Quelques mois auparavant, je m'apprêtai à me marier, à fonder une famille et à couler des jours paisibles. Mes actions n'affectaient que le cours de ma vie, ma fuite avait sûrement fait du tort à mes parents, mais j'avais foi en la justice de Kesselt. Ils retrouveraient bientôt leur statut au sein du village et ma disparition finirait par devenir une simple déception amère dans leur vie, un fait insignifiant.

En ce lieu, on me rendait responsable de dizaines ou de centaines de milliers de vies. Mes épaules étaient bien trop frêles, comment pourrais-je le supporter ? On m'avait appris l'importance de la liberté, de l'harmonie de la famille et de la protection de notre communauté. On m'avait aussi enseigné à craindre la perversion et la cruauté des ilyonis, à m'opposer à la tentation du pouvoir, de l'usage de la force brute et à résister à toutes les bassesses du genre animal. Étais-je vraiment destiné à me dresser face aux ignominies commises par les ilyonis ? Kesselt m'avait-il destiné à suivre son exemple ?

Je savais à peine me battre, tout juste assez pour riposter et m'échapper en cas d'attaque, je ne me considérais pas comme plus intelligent qu'un autre et le moindre éclat de violence me donnait envie de prendre mes jambes à mon cou.​ Que pouvais-je bien faire ? Était-ce donc cela, l'ironie du sort ?

Les questions se bousculaient dans ma tête et mon monde se tordait en tous sens, mes valeurs et la crainte pour ma vie s'affrontaient impitoyablement alors que le roi et Adrik attendaient ma réponse. J'essayai de tirer une réponse claire, ouvrant ma bouche asséchée par la peur, mais aucun son n'en sortit.

Qu'est-ce que je pouvais bien répondre, du haut de mes dix-huit années ? On ne m'avait jamais préparé à cela. On ne me l'avait jamais appris. J'étais incapable de répondre. J'en étais incapable...

— C'est que...

Je tentai de m'expliquer, mais mes pensées disparurent, comme neige comme au soleil. Ils me scrutaient, l'impatience et la contrariété les dévoraient et menaçaient de m'engloutir dans un geste de colère. Je me sentais minuscule et impuissant.

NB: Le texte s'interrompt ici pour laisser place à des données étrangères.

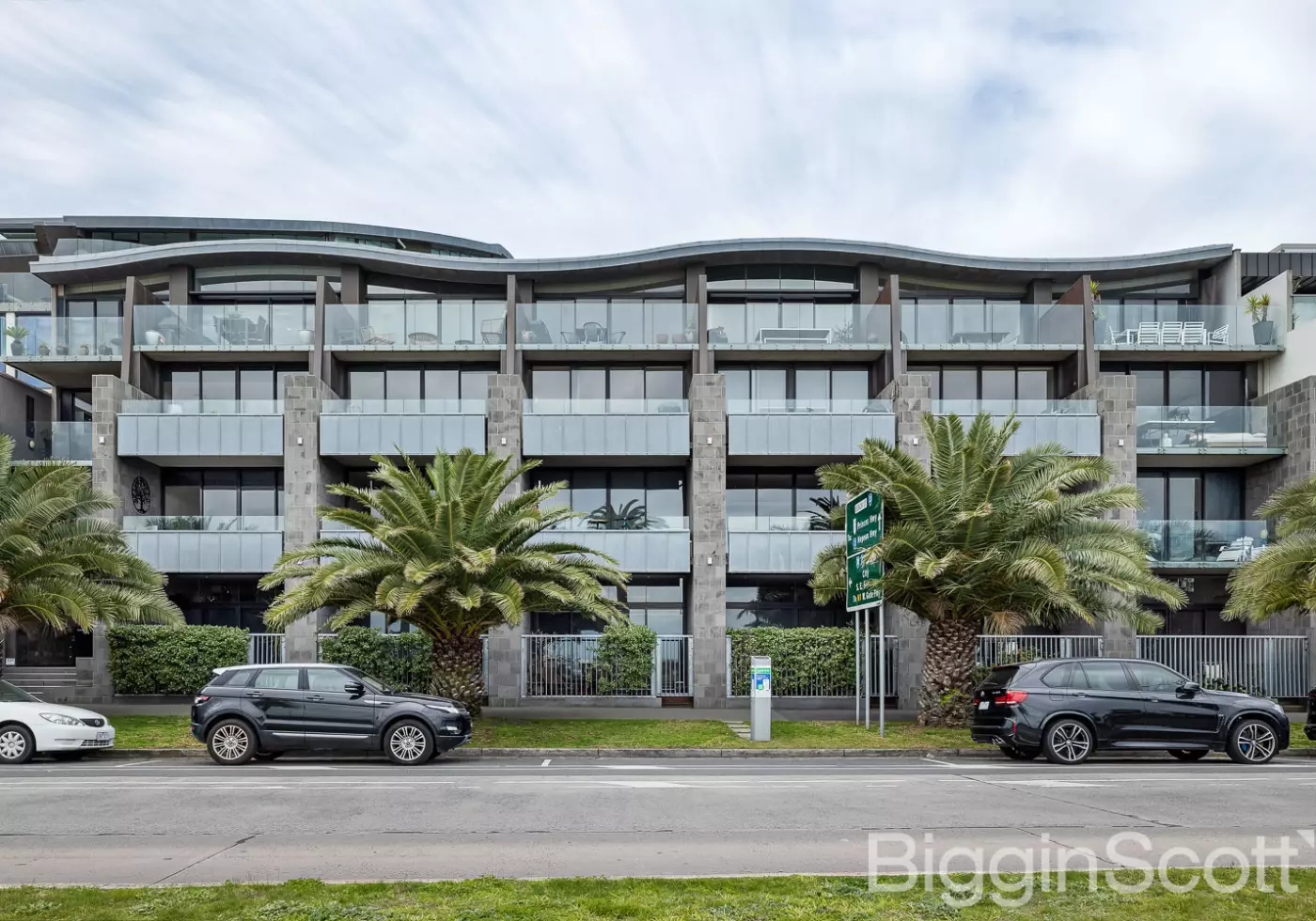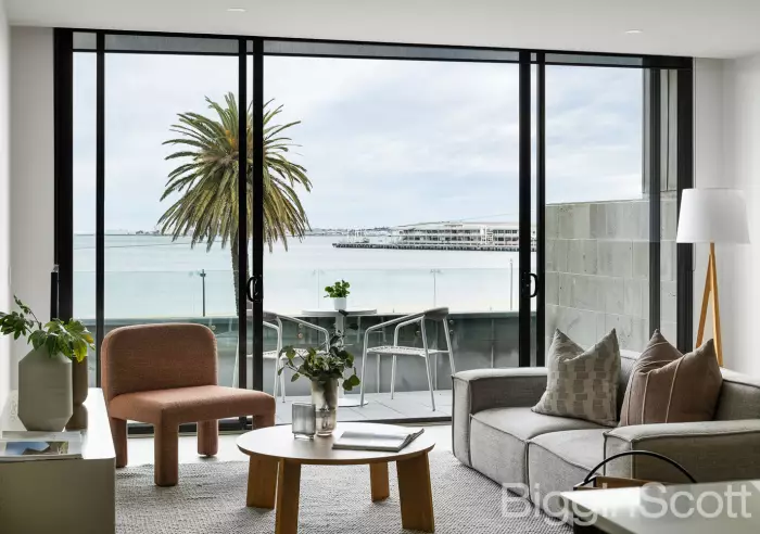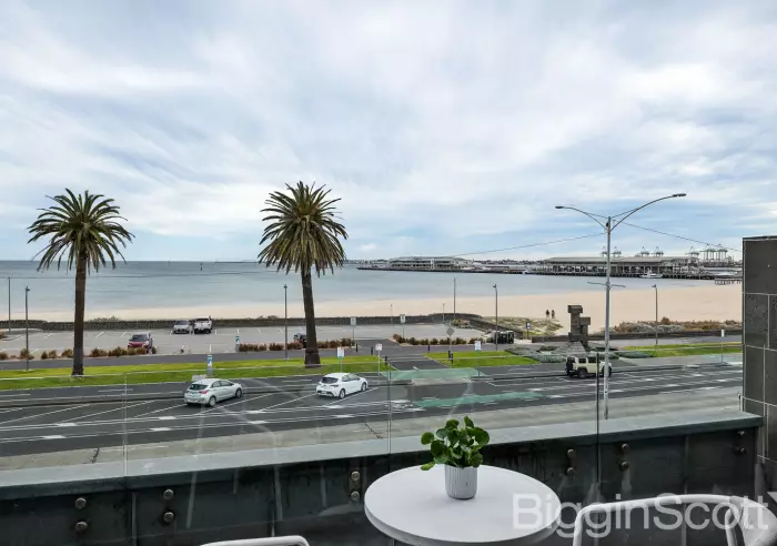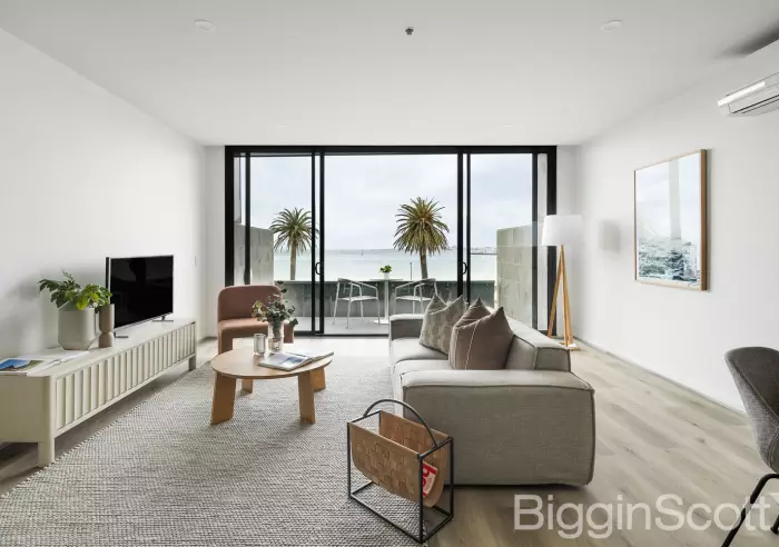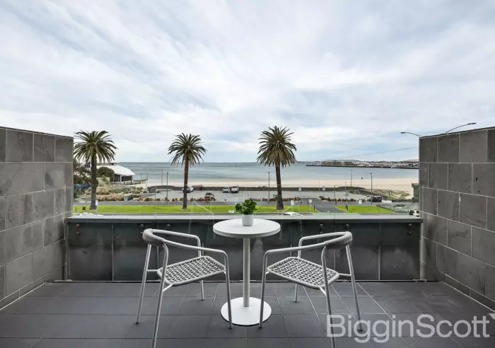 With uninterrupted views stretching across the sand and sea, this stunning two-bedroom, two-bathroom residence in the exclusive 'Aqua Vita' building offers one of Port Melbourne's most captivating waterfront positions. From the moment you step inside, the ever-changing coastline becomes your daily backdrop—morning light dancing on the bay, golden sunsets over the horizon, and the soothing rhythm of waves just beyond your balcony. Designed for elegant, low-maintenance living, the home opens with a wide entry hall and beautiful new timber floors that lead to an open-plan living and dining zone bathed in natural light. The expansive layout flows seamlessly onto a private terrace—ideal for alfresco dinners or quiet moments soaking up the ocean breeze. At the heart of the home, the kitchen impresses with stone benchtops, an island with breakfast bar, and high-quality Miele appliances, offering both form and function for the modern entertainer. The clever floorplan enhances privacy, with each bedroom positioned on either side of a tranquil internal atrium. The generous master retreat includes a walk-in wardrobe and stylish ensuite, while the second bedroom is serviced by a beautifully finished second bathroom with integrated laundry. With reverse cycle heating and cooling, secure video intercom, lift access, two basement car spaces and a separate storage cage, this residence delivers comfort and convenience at every turn. Located just steps from the beach and Bay Street's lively dining and retail scene, and moments from Gasworks Arts Park, South Melbourne Market and the 109 light rail, this is a rare opportunity to secure true beachfront luxury—where lifestyle, location and timeless design come together.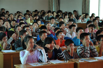 學(xué)生們在體驗(yàn)丁亮老師帶來的武漢新東方著名的“丁丁課堂”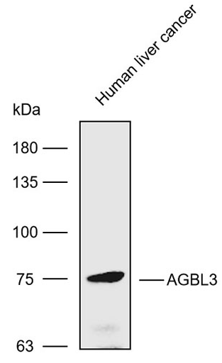 Western blot analysis with AGBL3 antibody diluted at 1:250; Lane : Human liver cancer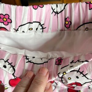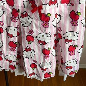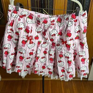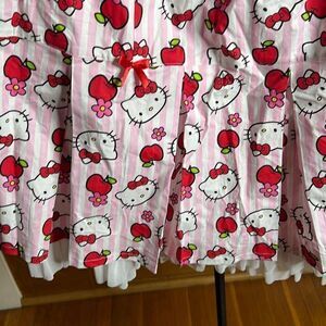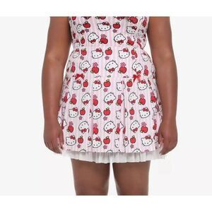 Hello Kitty Apple Stripe Pleated Skirt Plus Size Finishing off your Sanrio style with some pretty bows on top! Channel some Hello Kitty vibes right meow with this pleated skirt, featuring an allover toss of Hello Kitty, apples and flowers on a pink striped background. Comes with pleats and 2 dainty red bows on the wide yoke, back zipper closure and a white mesh layer underneath for dimension.

Je voulais m'enfuir, retrouver le cadre paisible de mon village et me ranger derrière les soldats qui me protégeraient envers et contre tous. Oh, ce que je regrettai d'être parti ! Lire le mépris de Malek chaque matin, alors que je me réveillerai à ses côtés, subir son indifférence au quotidien, et ravaler ma fierté était tellement plus enviable que ce qu'ils me demandaient à présent. Je n'aurais pas à renier mes valeurs, à endurcir l'injustice que l'on faisait subir à des personnes qui m'étaient en tout point identiques. Je n'aurais pas à décider entre me sacrifier, à me battre de la seule force de mes poings, pour faire valoir ce que je considérais juste. Je ne voulais être que Jeizah, le fils de Holmir et de Primva Tyslune.

— Je ne sais pas, admis-je la tête baissée et la gorge serrée.

Je déglutis, rassemblai les miettes de mon courage et me risquai à les observer à la dérobée.

Seules l'incrédulité et la confusion se lisaient sur leurs visages. J'essayai alors de reprendre, pour clarifier mes pensées.

— Je ne... On ne m'a jamais préparé à ça. Je sais... coudre... récolter le lin et le blé, préparer la laine et tisser... Je connais par cœur les plantes pour les teintures, je connais la valeur des tissus et des vêtements, mais... C'est tout ce que je sais faire. Je ne suis que Jeizah, le fils du tisserand. Sans vouloir vous offenser, vous vous trompez à mon sujet... Je ne suis pas ce Tendua, je n'ai rien d'un guerrier légendaire, qui est prêt à défendre son peuple ou à comploter avec ses ennemis. Je ne suis... que... moi.

Je le réalisai, en même temps, de prononcer ces derniers mots. Toutes ces questions se terminaient sur une note décevante, mais des plus communes, et cela me convenait.